Hmm, you are right. I remember playing with similar patch but that was before
we turned off iteration in early inliner and it was motivated to do more
of indirect  call promotion.

Since ipa-prop is no longer complete joke on propagating devirutalization info
perhaps this is no longer too important.

honza
Eric Botcazou May 1, 2015, 10:27 a.m. UTC | #5
> Hmm, special-casing this in the inliner looks odd to me.  ISTR the inliner
> already propagates constant parameters to immediate uses, so I guess
> you run into the casting case you handle specially.

Right on both counts, the original GIMPLE looks like:

  right.3 = (system__storage_elements__integer_address) right;
  D.4203 = D.4201 % right.3;
  D.4200 = (system__storage_elements__storage_offset) D.4203;
  return D.4200;

and setup_one_parameter has:

  /* If there is no setup required and we are in SSA, take the easy route
     replacing all SSA names representing the function parameter by the
     SSA name passed to function.

     We need to construct map for the variable anyway as it might be used
     in different SSA names when parameter is set in function.

     Do replacement at -O0 for const arguments replaced by constant.
     This is important for builtin_constant_p and other construct requiring
     constant argument to be visible in inlined function body.  */
  if (gimple_in_ssa_p (cfun) && rhs && def && is_gimple_reg (p)
      && (optimize
          || (TREE_READONLY (p)
	      && is_gimple_min_invariant (rhs)))
      && (TREE_CODE (rhs) == SSA_NAME
	  || is_gimple_min_invariant (rhs))
      && !SSA_NAME_OCCURS_IN_ABNORMAL_PHI (def))
    {
      insert_decl_map (id, def, rhs);
      return insert_init_debug_bind (id, bb, var, rhs, NULL);
    }

and here is the GIMPLE after inlining:

  _17 = _16;
  _18 = _17;
  right.3_19 = 8;
  _20 = _18 % right.3_19;
  _21 = (system__storage_elements__storage_offset) _20;

so the constant replacement is done for right.3_19 by the above block.

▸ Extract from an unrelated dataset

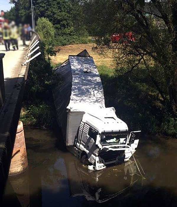 Zurück zu Marbug-Biedenkopf: Sattelzug durchbricht Brückengeländer und landet teilweise in der Lahn

> But then if any constant propagation is ok at -O0 why not perform
> full-fledged constant propagation (with !DECL_IGNORED_P vars as a
> propagation barrier) as a regular SSA pass?  That is, if you'd had a
> Inline_Always function like
> 
> int foo (int i)
> {
>   return (i + 1) / i;
> }
> 
> you'd not get the desired result as the i + 1 stmt wouldn't be folded
> and thus the (i + 1) / i stmt wouldn't either.

That's OK, only the trivial cases need to be dealt with since it's -O0 so 
running a fully-fledged constant propagation seems overkill.

> That said - why does RTL optimization not save you here anyway?
> After all, it is responsible for turning divisions into shifts.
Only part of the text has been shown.